» Exercise instructions: Each entry below should be echoed exactly, with pictures omitted.

» Given information:

== Segment start ==

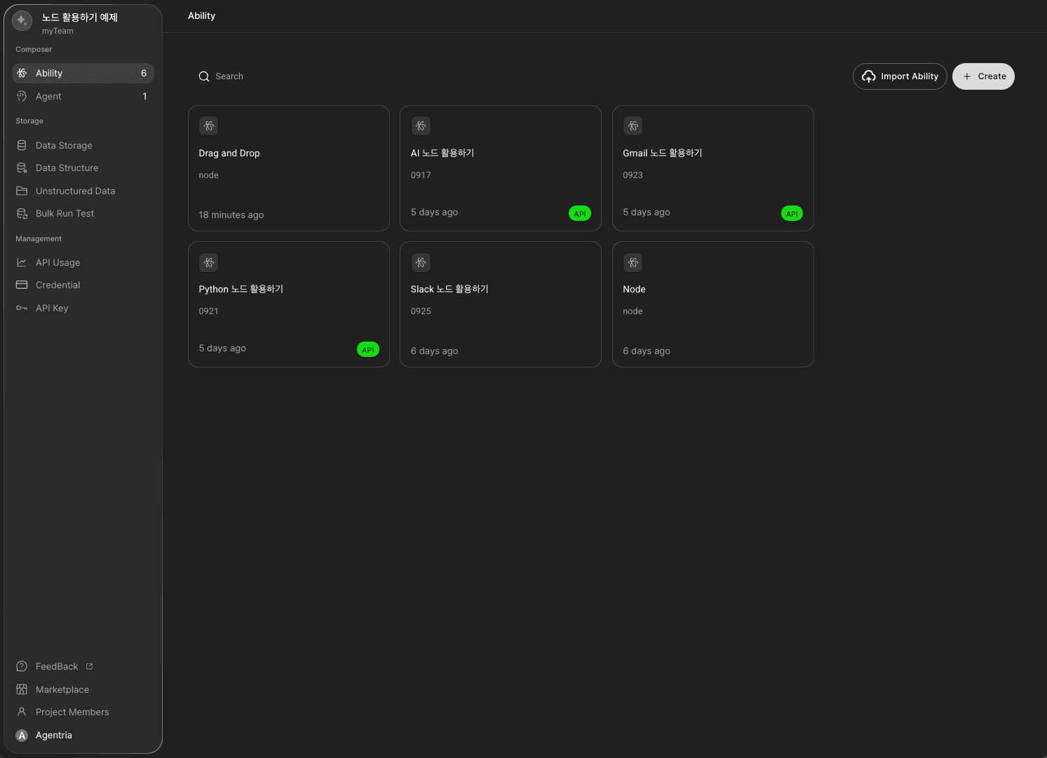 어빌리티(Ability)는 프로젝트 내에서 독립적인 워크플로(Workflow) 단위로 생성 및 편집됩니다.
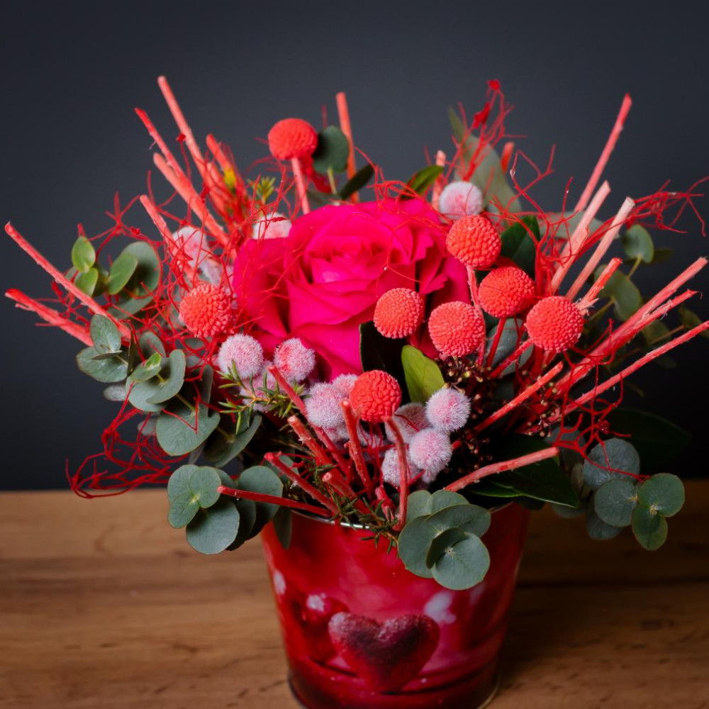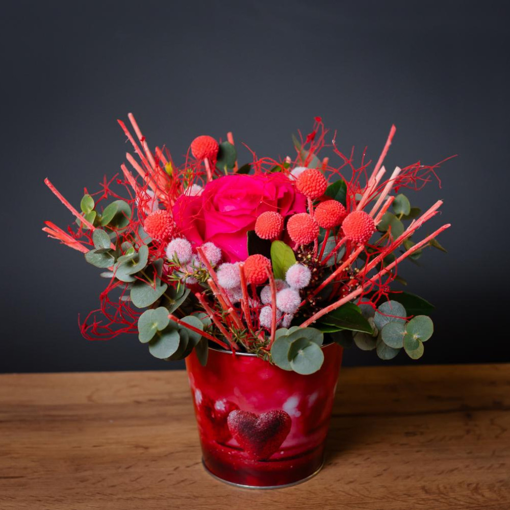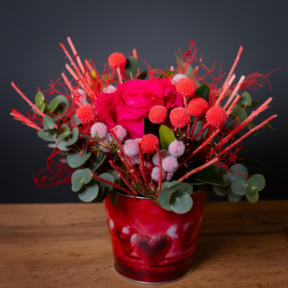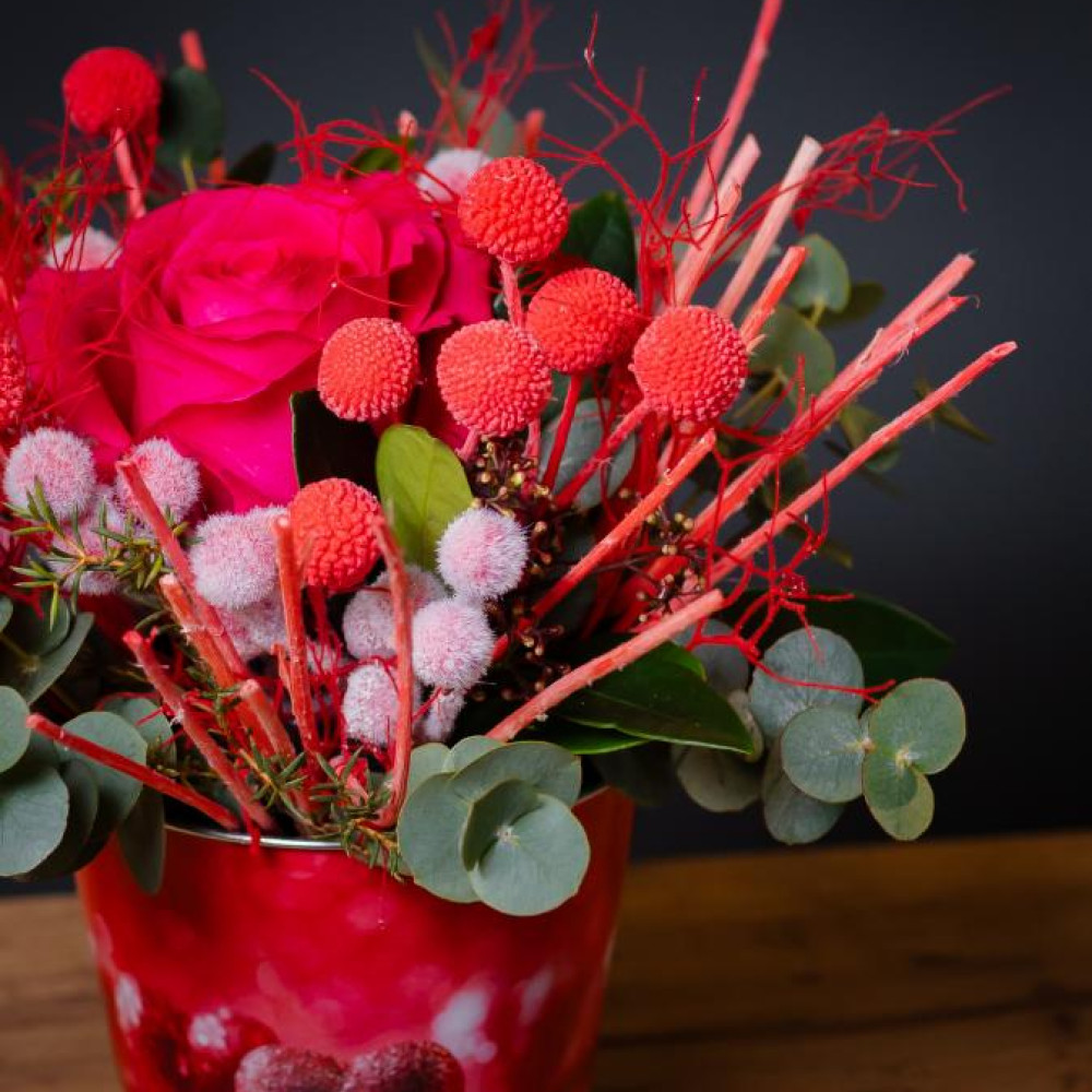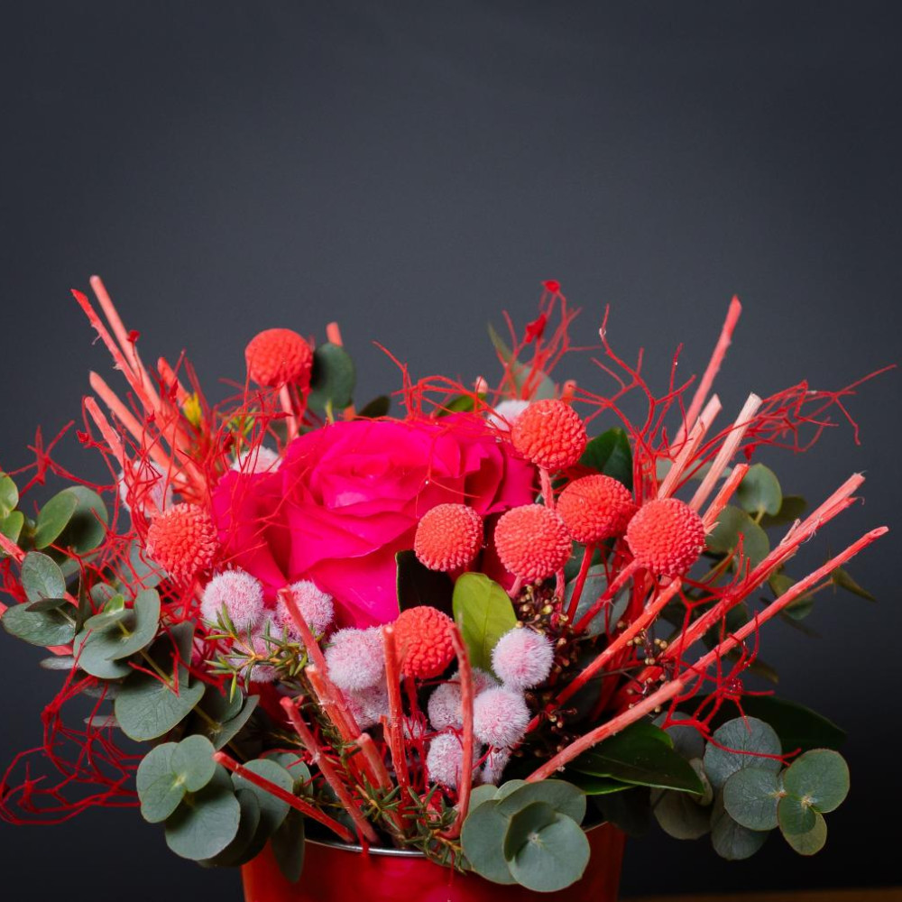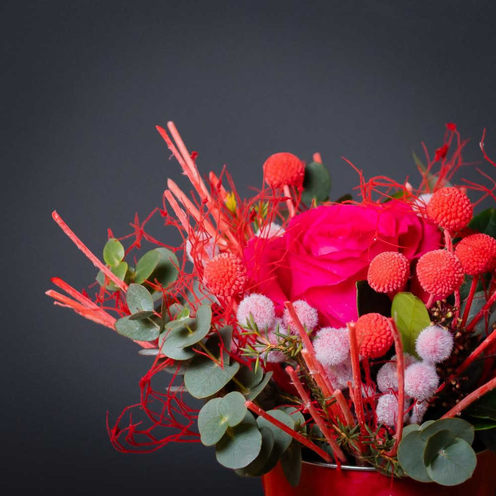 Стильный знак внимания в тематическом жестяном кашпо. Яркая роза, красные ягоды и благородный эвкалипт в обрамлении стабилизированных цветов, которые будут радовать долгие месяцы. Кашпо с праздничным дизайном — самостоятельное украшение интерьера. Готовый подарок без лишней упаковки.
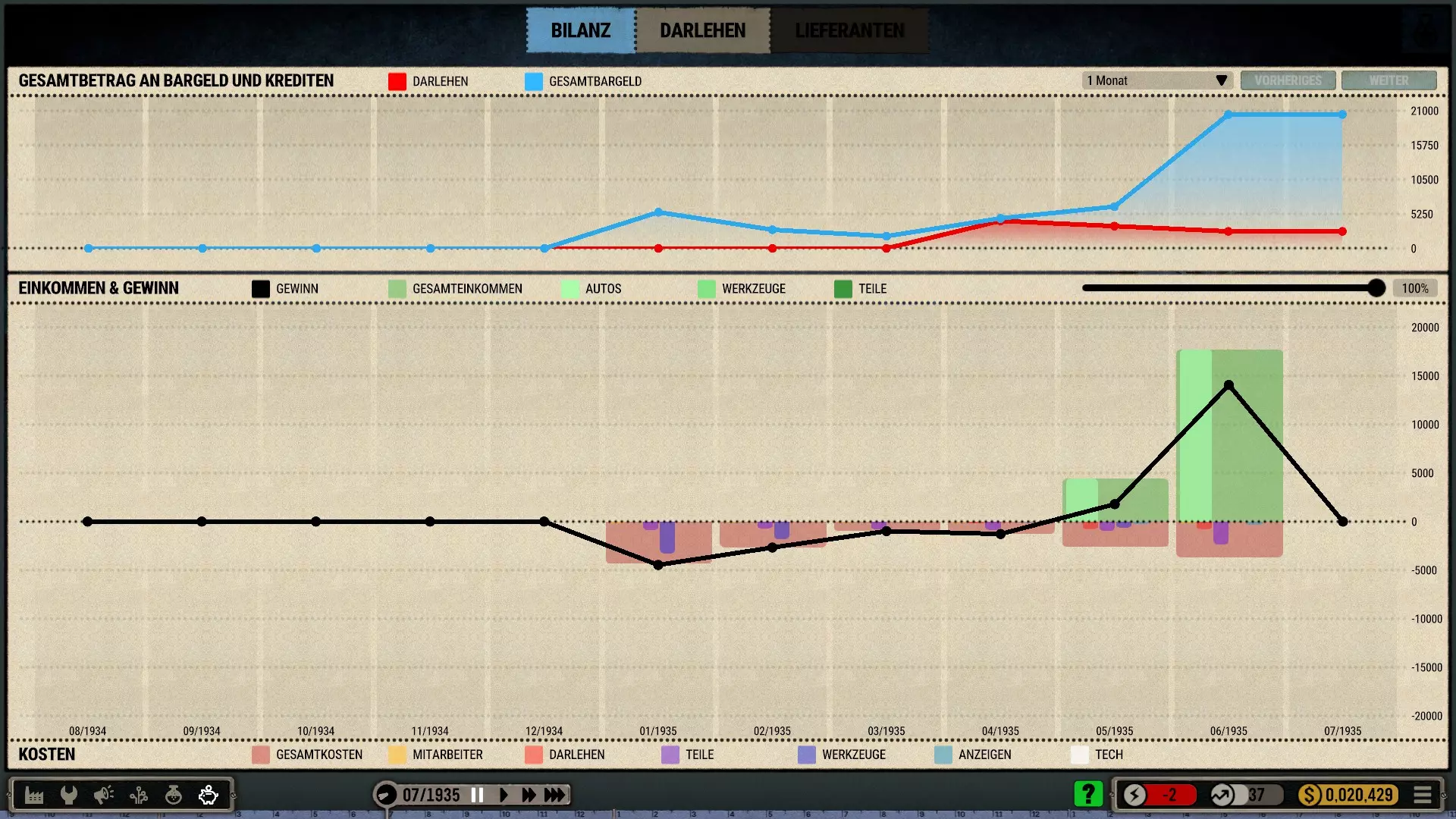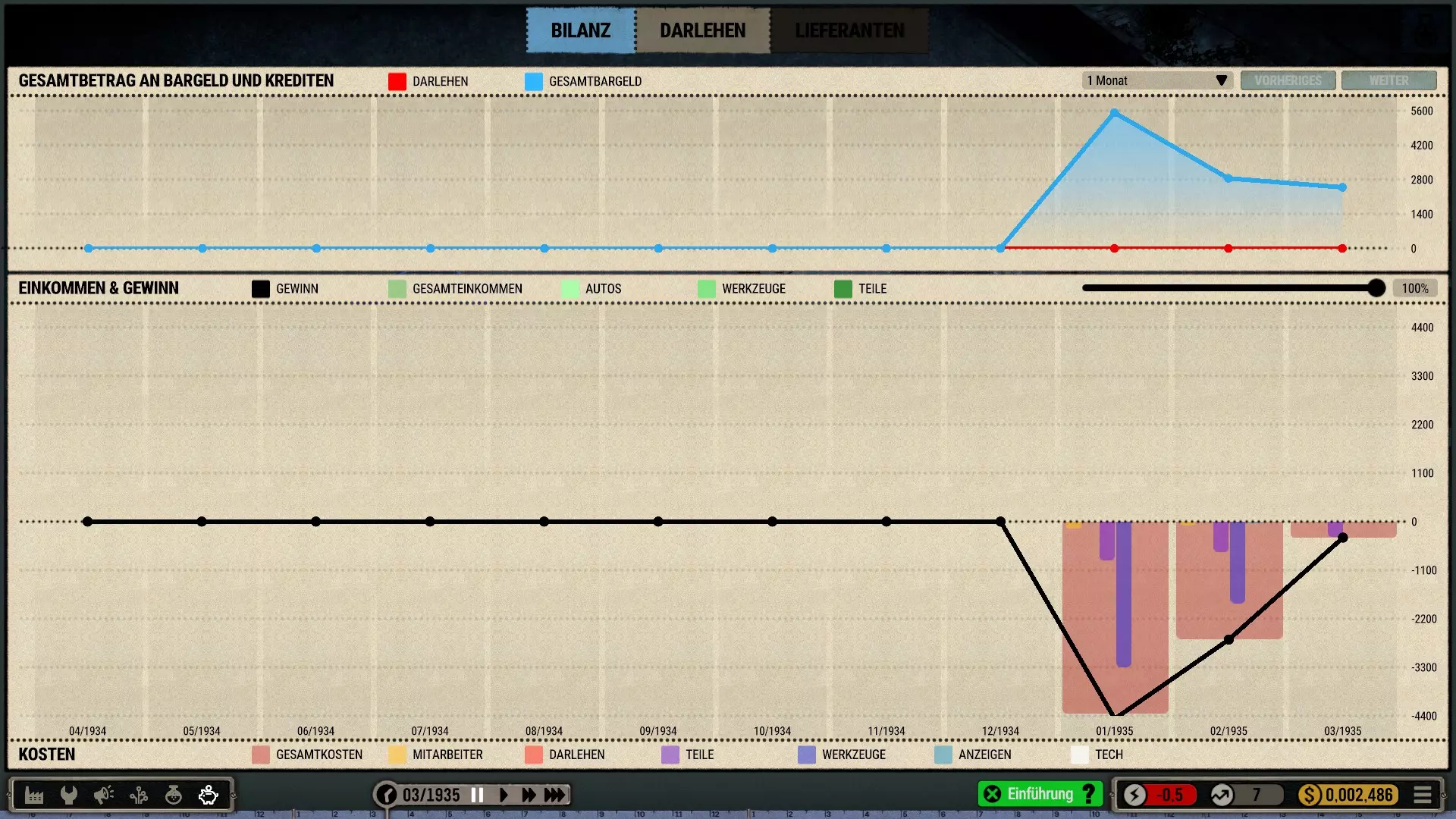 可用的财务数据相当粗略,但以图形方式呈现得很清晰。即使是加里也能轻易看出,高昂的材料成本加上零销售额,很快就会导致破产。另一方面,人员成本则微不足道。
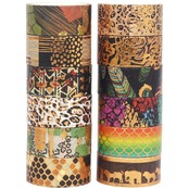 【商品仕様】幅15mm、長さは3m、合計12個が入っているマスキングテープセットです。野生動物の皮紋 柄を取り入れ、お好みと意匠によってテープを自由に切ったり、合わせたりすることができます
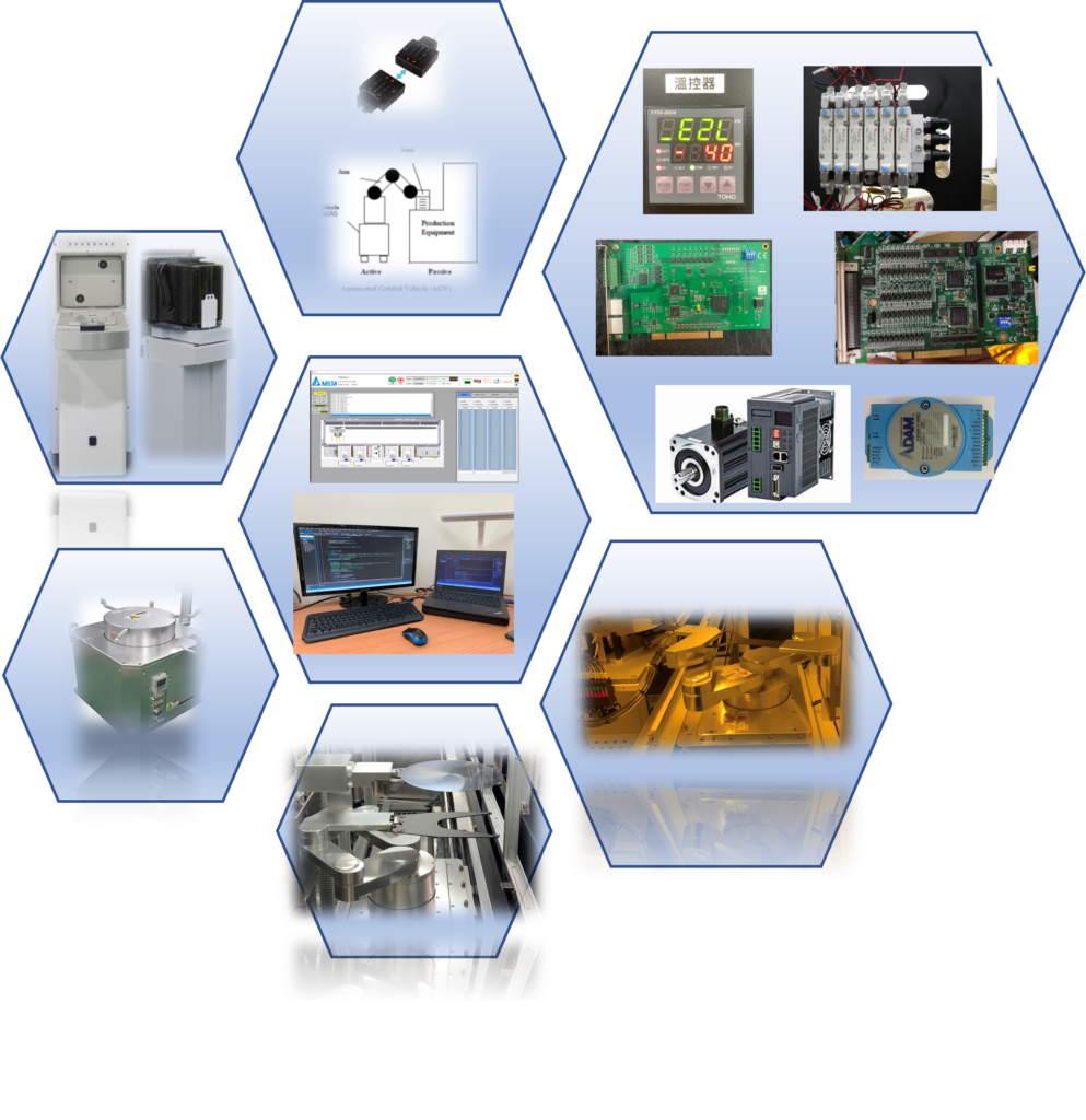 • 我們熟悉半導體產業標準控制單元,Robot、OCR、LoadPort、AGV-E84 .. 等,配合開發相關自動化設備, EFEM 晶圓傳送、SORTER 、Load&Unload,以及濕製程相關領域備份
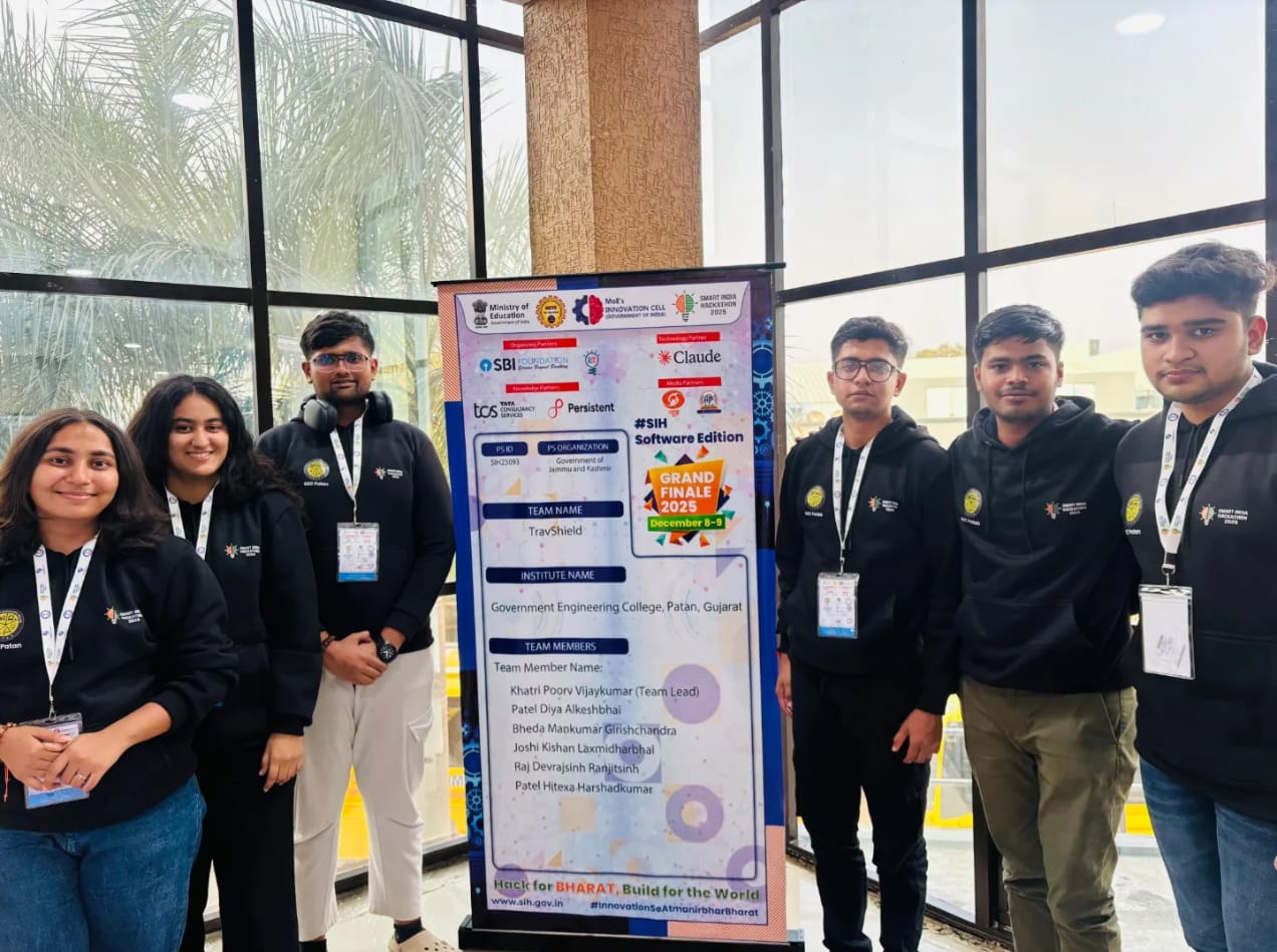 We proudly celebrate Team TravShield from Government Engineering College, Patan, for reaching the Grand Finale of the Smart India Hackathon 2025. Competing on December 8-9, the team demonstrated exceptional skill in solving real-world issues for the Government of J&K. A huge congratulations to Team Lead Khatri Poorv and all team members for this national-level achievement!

== Segment end ==

» Result of the exercise:
 어빌리티(Ability)는 프로젝트 내에서 독립적인 워크플로(Workflow) 단위로 생성 및 편집됩니다.
 Стильный знак внимания в тематическом жестяном кашпо. Яркая роза, красные ягоды и благородный эвкалипт в обрамлении стабилизированных цветов, которые будут радовать долгие месяцы. Кашпо с праздничным дизайном — самостоятельное украшение интерьера. Готовый подарок без лишней упаковки.
 可用的财务数据相当粗略,但以图形方式呈现得很清晰。即使是加里也能轻易看出,高昂的材料成本加上零销售额,很快就会导致破产。另一方面,人员成本则微不足道。
 【商品仕様】幅15mm、長さは3m、合計12個が入っているマスキングテープセットです。野生動物の皮紋 柄を取り入れ、お好みと意匠によってテープを自由に切ったり、合わせたりすることができます
 • 我們熟悉半導體產業標準控制單元,Robot、OCR、LoadPort、AGV-E84 .. 等,配合開發相關自動化設備, EFEM 晶圓傳送、SORTER 、Load&Unload,以及濕製程相關領域備份
 We proudly celebrate Team TravShield from Government Engineering College, Patan, for reaching the Grand Finale of the Smart India Hackathon 2025. Competing on December 8-9, the team demonstrated exceptional skill in solving real-world issues for the Government of J&K. A huge congratulations to Team Lead Khatri Poorv and all team members for this national-level achievement!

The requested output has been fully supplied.